= Exercise objective =
Pull each line holding the word "leather" from the data.

= Extracted material =
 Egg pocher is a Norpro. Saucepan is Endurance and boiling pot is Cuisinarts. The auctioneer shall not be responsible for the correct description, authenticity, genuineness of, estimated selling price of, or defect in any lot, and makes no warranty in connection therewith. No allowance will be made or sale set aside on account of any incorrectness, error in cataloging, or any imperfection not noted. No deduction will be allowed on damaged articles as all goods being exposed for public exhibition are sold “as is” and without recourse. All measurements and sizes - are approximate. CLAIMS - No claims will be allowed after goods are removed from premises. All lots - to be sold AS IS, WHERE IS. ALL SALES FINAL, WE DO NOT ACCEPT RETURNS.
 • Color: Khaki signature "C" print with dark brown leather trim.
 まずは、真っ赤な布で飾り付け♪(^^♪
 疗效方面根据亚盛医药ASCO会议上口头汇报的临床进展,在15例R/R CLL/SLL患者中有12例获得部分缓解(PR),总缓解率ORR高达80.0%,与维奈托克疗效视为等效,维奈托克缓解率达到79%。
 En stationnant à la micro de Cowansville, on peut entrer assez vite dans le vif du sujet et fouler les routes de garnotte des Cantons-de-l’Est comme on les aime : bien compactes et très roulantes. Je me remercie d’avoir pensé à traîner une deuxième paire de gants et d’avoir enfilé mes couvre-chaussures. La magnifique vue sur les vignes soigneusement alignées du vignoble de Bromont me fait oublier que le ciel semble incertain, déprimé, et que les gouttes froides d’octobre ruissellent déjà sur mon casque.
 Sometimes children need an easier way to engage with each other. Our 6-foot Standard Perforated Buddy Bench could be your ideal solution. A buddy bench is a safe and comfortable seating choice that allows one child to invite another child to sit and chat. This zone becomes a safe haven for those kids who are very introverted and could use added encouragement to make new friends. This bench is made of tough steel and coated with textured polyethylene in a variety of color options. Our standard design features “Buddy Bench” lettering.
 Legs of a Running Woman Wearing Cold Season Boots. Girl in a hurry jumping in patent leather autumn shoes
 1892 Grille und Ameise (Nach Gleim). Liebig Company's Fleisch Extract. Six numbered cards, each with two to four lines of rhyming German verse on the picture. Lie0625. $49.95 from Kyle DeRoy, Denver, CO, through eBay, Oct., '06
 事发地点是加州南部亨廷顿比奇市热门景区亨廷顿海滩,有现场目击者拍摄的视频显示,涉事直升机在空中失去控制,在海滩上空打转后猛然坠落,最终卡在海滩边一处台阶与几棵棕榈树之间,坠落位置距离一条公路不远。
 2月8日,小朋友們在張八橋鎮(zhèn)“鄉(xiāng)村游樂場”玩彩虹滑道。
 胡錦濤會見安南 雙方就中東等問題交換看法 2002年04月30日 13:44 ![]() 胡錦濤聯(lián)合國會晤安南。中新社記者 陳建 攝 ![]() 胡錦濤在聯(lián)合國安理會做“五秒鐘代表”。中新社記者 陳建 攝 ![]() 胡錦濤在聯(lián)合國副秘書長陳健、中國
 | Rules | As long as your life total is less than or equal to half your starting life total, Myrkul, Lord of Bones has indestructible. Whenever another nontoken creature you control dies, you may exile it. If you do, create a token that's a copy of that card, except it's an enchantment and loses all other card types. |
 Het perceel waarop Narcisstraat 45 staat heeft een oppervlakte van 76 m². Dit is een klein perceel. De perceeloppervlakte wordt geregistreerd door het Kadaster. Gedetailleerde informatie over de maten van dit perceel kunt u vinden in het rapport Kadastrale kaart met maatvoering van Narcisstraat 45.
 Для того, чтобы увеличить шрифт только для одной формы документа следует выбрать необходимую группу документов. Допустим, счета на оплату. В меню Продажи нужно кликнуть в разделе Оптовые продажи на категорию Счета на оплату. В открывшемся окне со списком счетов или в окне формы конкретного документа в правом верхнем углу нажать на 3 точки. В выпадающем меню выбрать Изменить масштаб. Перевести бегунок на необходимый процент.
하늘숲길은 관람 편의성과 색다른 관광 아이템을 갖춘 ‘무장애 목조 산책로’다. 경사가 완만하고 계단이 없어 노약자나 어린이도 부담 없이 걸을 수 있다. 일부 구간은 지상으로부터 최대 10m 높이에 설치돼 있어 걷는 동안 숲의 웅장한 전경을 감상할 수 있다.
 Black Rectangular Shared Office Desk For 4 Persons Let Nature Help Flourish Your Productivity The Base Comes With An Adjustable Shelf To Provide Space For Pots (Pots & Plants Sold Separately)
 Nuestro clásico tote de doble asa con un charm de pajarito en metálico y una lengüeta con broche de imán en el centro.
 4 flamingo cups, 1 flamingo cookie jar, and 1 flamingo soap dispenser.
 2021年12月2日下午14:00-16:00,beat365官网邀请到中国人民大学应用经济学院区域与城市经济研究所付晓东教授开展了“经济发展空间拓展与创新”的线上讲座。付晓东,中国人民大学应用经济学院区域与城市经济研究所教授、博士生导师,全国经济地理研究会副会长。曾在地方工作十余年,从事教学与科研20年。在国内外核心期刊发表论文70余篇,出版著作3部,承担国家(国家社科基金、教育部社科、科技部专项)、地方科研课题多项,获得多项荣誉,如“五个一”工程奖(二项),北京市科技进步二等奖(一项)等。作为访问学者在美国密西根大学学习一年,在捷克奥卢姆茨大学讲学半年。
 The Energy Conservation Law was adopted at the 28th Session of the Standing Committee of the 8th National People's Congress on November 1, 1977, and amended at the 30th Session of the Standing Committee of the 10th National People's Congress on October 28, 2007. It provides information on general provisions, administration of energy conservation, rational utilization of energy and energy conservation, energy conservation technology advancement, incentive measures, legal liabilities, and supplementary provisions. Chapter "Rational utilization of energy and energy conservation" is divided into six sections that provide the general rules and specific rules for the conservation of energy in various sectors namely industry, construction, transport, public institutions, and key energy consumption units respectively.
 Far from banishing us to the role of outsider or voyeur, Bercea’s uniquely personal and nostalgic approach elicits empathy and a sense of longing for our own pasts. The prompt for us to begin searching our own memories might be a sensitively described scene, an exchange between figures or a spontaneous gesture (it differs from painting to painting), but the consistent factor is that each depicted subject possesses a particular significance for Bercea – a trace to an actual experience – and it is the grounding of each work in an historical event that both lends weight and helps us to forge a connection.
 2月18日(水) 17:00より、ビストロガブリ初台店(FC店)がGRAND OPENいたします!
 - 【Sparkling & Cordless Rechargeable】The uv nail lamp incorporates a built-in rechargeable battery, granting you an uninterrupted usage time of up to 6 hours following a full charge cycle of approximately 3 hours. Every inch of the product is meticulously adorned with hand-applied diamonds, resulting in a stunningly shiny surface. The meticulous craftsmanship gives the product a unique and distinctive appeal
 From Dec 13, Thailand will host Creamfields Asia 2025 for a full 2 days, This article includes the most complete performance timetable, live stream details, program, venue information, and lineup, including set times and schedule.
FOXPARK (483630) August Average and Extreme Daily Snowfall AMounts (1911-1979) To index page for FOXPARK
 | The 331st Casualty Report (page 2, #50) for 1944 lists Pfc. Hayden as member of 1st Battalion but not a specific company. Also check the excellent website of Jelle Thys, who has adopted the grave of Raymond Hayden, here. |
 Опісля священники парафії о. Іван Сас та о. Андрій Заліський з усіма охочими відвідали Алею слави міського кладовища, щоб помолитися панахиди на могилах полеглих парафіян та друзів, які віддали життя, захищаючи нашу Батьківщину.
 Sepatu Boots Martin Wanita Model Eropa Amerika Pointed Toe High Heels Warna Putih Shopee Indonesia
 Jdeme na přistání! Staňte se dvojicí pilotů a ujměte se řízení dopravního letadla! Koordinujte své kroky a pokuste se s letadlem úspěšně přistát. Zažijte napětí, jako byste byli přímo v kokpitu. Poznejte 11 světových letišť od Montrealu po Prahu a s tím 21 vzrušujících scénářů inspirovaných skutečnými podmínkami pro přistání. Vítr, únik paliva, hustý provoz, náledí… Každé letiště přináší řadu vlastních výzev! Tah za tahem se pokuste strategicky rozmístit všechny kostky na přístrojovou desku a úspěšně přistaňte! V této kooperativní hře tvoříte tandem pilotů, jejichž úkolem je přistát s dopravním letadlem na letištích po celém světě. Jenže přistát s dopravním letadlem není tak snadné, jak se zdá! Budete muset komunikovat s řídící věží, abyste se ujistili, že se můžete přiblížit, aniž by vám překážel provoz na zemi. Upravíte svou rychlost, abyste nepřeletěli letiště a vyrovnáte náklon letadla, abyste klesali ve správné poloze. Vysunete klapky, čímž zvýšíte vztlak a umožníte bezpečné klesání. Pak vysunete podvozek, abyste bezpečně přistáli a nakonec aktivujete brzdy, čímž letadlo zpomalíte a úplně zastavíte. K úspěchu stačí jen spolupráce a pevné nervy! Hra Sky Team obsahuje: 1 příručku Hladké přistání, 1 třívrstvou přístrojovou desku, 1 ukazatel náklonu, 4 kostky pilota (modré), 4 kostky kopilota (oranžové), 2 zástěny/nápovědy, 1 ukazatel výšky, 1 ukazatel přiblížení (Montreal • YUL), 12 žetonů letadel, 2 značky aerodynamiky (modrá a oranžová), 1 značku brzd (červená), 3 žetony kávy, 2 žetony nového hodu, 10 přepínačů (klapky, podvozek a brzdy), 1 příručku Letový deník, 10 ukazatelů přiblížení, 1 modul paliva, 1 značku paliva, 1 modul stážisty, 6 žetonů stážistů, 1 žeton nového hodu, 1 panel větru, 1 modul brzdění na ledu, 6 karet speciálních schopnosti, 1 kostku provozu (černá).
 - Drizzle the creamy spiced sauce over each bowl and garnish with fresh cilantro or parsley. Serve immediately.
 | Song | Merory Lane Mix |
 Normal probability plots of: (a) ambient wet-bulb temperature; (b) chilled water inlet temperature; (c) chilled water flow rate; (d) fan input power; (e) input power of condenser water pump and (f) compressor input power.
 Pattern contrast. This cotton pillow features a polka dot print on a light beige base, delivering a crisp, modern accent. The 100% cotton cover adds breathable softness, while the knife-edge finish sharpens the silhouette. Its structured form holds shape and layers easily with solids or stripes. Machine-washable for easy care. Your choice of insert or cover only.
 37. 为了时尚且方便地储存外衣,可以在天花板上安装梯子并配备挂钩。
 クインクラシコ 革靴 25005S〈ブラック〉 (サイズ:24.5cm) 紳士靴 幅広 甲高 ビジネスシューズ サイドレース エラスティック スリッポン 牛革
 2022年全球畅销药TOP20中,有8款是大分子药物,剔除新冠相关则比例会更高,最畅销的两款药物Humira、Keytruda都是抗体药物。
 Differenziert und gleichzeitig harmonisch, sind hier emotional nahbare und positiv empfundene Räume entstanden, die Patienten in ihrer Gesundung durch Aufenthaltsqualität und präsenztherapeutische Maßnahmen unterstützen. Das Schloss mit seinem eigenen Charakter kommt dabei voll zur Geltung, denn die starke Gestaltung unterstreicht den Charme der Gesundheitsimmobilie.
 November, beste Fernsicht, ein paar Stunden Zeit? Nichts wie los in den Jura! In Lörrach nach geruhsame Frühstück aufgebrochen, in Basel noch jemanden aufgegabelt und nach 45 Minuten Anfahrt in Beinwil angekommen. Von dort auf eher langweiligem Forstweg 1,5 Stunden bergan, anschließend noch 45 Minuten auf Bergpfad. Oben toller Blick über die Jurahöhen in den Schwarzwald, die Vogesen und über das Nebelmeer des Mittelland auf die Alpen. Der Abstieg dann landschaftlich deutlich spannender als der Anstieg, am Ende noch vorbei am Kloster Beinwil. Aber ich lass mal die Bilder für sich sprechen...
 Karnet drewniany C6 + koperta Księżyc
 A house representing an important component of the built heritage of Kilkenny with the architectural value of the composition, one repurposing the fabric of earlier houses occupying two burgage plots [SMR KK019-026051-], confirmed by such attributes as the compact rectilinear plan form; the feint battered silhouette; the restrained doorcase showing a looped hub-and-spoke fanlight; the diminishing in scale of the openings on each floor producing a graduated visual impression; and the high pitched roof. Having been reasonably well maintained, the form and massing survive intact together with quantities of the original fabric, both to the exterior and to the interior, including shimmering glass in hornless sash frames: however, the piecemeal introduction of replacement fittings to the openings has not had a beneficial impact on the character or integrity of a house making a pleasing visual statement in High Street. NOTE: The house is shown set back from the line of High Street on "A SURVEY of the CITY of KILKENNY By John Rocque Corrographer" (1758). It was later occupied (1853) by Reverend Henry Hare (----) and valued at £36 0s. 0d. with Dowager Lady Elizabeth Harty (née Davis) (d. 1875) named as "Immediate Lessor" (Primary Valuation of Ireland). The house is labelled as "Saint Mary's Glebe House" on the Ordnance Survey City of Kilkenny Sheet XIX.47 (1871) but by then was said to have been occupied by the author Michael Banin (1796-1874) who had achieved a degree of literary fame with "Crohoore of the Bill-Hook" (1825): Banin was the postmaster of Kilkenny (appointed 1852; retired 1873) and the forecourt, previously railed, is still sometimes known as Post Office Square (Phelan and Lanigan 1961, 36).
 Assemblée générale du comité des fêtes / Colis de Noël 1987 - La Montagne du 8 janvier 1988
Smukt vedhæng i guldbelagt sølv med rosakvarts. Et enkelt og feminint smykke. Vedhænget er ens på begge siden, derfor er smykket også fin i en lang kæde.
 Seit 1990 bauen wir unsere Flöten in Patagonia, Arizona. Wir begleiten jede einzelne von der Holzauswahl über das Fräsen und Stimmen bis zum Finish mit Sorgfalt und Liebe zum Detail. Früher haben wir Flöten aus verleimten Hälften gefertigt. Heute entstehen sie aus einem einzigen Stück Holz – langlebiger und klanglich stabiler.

= Solution for this task =
 • Color: Khaki signature "C" print with dark brown leather trim.
 Legs of a Running Woman Wearing Cold Season Boots. Girl in a hurry jumping in patent leather autumn shoes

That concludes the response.